两人这几个月来虽有师徒名分,但在崇文阁授课时都谨守师徒之礼,在众人眼中更是君臣有别,客气得很,向这样单独相处的时候极少。

韩云手一顿,没有回转身来,却扬了扬圆滚滚的下巴,“你和摄政王不是都没称我一声‘太子’吗,我现在算哪门子的储君?”

哟!有点性格啊!帝烬言眉扬了扬,还没开口,傲娇完了的韩云转过头来,“再说了,你是我老师,这些事我做了也是应该。”

帝烬言一愣,看着韩云忙碌的身影,忽然有些感慨。当年韩烨也曾带着年岁不大的他在宫内行走,那时他跟在韩烨身边,满是濡慕,每天给他端茶倒水陪他看书都会忒高兴。

他走上前,端起韩云煮的茶抿了一口,笑道:“手艺还不错,那就有劳十三殿下了。”

韩云眼底的惊喜一闪而过,小眼一弯,笑成了月牙,他顺溜地爬到椅子上坐好,自个儿倒了一杯舔了舔,得意地点点头,“我的手艺是长进了。”

帝烬言被他逗得大笑,眼底积聚的沉郁一扫而空。

韩云看着帝烬言,想起这几日想说的话,小声道:“老师,前几日左侍郎李定坤奏你泄露恩科试题,那日你给赵师兄布置功课时我也在,要不我去大理寺走一趟,跟黄浦大人说科考试题相同全是巧合,若你有心泄露试题,也会隐秘行事,怎会容我在场。”

帝烬言一愣,看着小心翼翼藏着担心又故作成熟的韩云,心底叹了叹。

当时他布置试题时只有赵仁和韩云在场,如今赵仁的功课被有心人翻出,那幕后之人从何处得知,不言而喻。韩云只有六岁,却过早陷入了宫廷争斗中。韩云虽然聪慧,但到底年少,他若入大理寺为证,以黄浦的心思和手段,又岂会猜不到一切缘由从何处起?若是在大理寺牵涉出了绮云殿,那韩云的遭遇和当年的安宁又有何异?

无论绮云殿里的那位做了什么或是想做什么,韩云终究是无辜的。

“没事,这件案子臣会处理,不用十三殿下去大理寺做证。”

“若是黄浦寻不到证据证明老师你的清白怎么办?”韩云有些着急,他今日执意跟着帝烬言来崇阳阁,便是为了单独相处时将此话相告,悄悄帮他去大理寺做证,哪知帝烬言对李定坤告御状之事浑不在意。

帝烬言在韩云头上摸了摸,笑道:“我相信黄大人能还我清白,再说我一个靖安侯世子,就算安上了泄露科考试题的罪又如何,顶多也就是削去继承侯爵的权利,再罚些银子罢了,日后再攒些军功起复就是,殿下不必在意。

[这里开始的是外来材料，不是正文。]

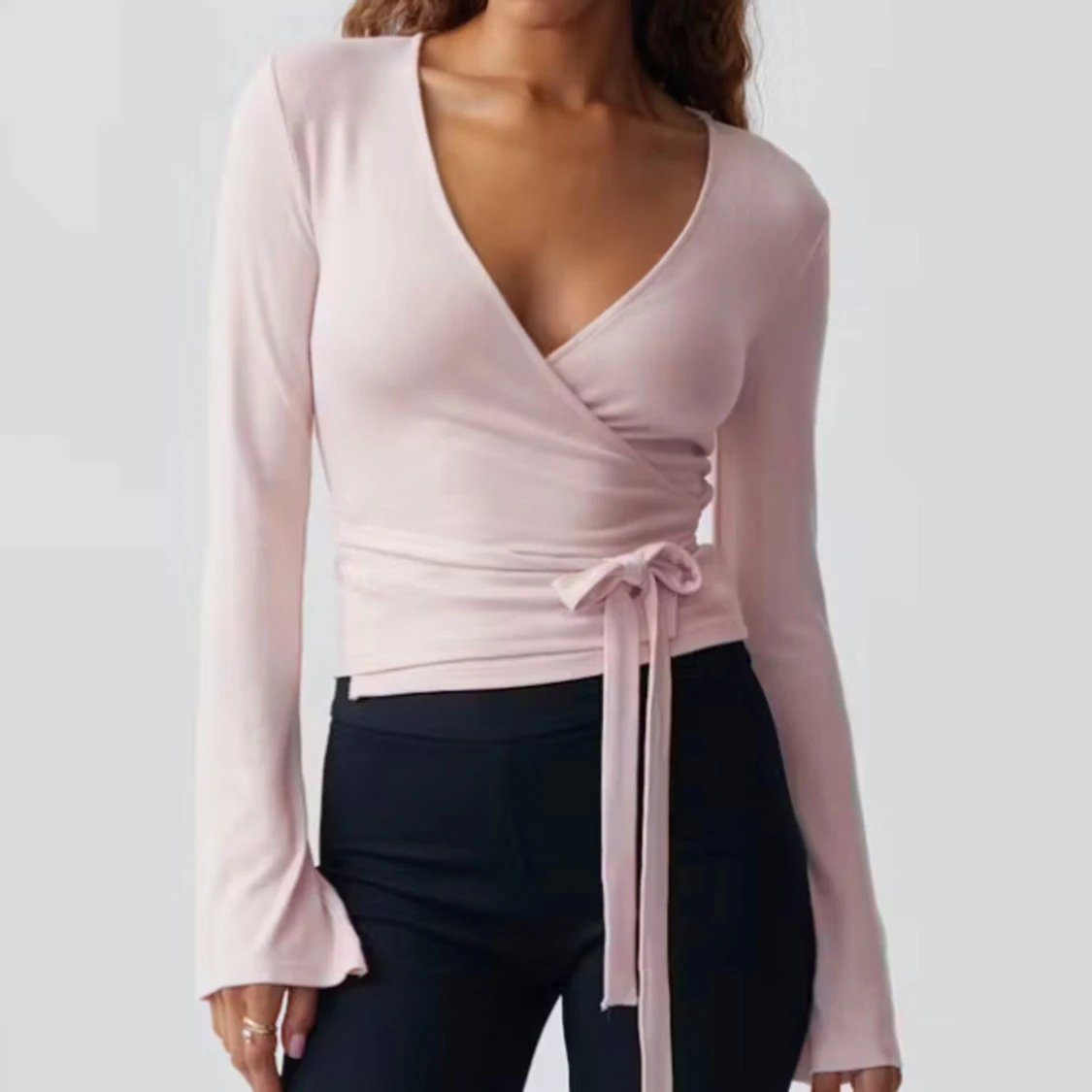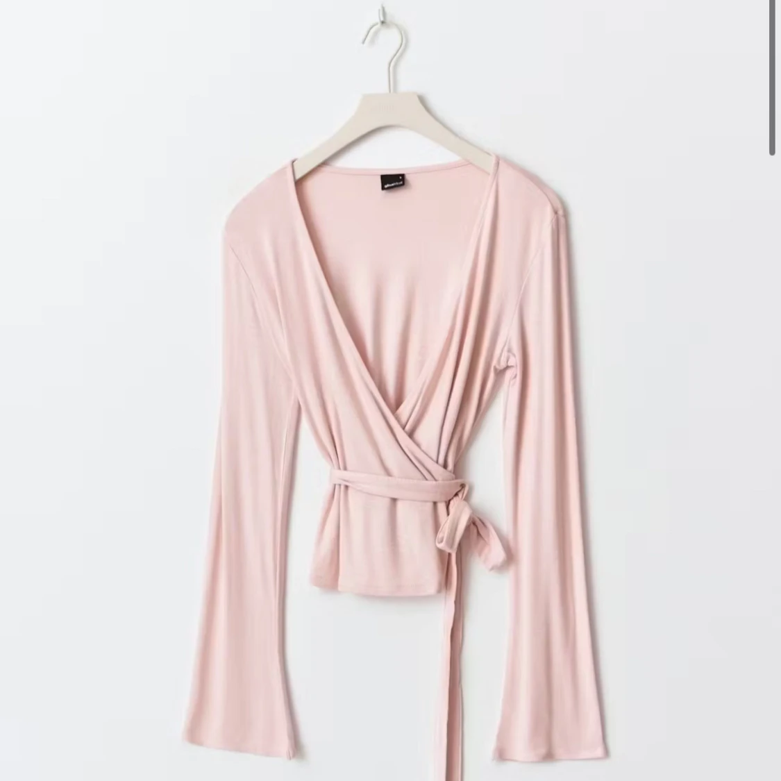 Supersöt ljusrosa omlottopp från Gina Tricot med långa ärmar och knytband i midjan. Toppens v-ringning och mjuka material ger en snygg look, skriv gärna för frågor!!❤️❤️

”

“老师您不在意名声吗?”韩云神情讶异。

“自是在意。”帝烬言的目光在面前肖似韩烨的小脸上一闪而过,唇角微抿,扬起弧度,“但有些东西比名声重要。”

当年太子为了救他不惜身受重伤,这么多年来更是悉心教导。若非太子,他只是无名岗上一抔坟土,何来他帝烬言的今日?韩烨重恩于他,他又岂能眼睁睁看着年少的韩云深陷宫廷争斗之中?

帝烬言的笑容温暖澄澈,恰如三年前御花园里抱着他时一般,韩云鼻子一酸,低头轻轻道了声“哦”,压下了眼底的情绪。

崇阳阁上安稳祥和,一对师徒安静地品茶观景,倒也其乐融融。

傍晚回宫的帝梓元听了吉利禀告,笑着说了声“知道了”便不再过问,倒是绮云殿里的那位久等不到上课归来的韩云,听说了此事,摔坏了宫里的一对琉璃杯。

西北,军献城。

施诤言这日从军营练兵回来,刚入府回到书房,管家施俊便上前禀告。

“将军,今日早些时候有人入府拜访,说是将军旧识,望将军能相见一面。” 施俊是施家旁系子弟,两年前才被施诤言带回施家,故对施家一些故友并不熟悉。这两年上门拜访的施家故人不少,施俊皆守礼相待。

“来人可留了姓名?”施诤言在里屋换上常服,从屏风后走出,一只手仍在系衣带。

“不曾。”施俊摇头,递上一封信函,“来人只留了这封信函,说是将军见信便知。”施俊想起那张格外清隽尊贵却目不视物的面孔,不免有些遗憾。

“哦?”施诤言接过信函展开,眼一扫,然后目光凝滞,眸色愣住。

凌厉内敛的“烨”字熟悉到整封信函都滚烫起来。

施诤言脸上的神情太过震惊,握着信函的手甚至颤抖起来。施俊心底一骇,不知出了何事,小声开口:“将军,那拜访的是何人?”

“他在哪儿?”施诤言被惊醒,猛地开口,顿觉不妥,看向施俊又急急问了一句,“那位在哪儿?他有没有说过我要去何处见他?”

施俊连忙点头,“说过说过,那位公子说将军若是愿意见他,他在君子楼凤临厢房等将军……”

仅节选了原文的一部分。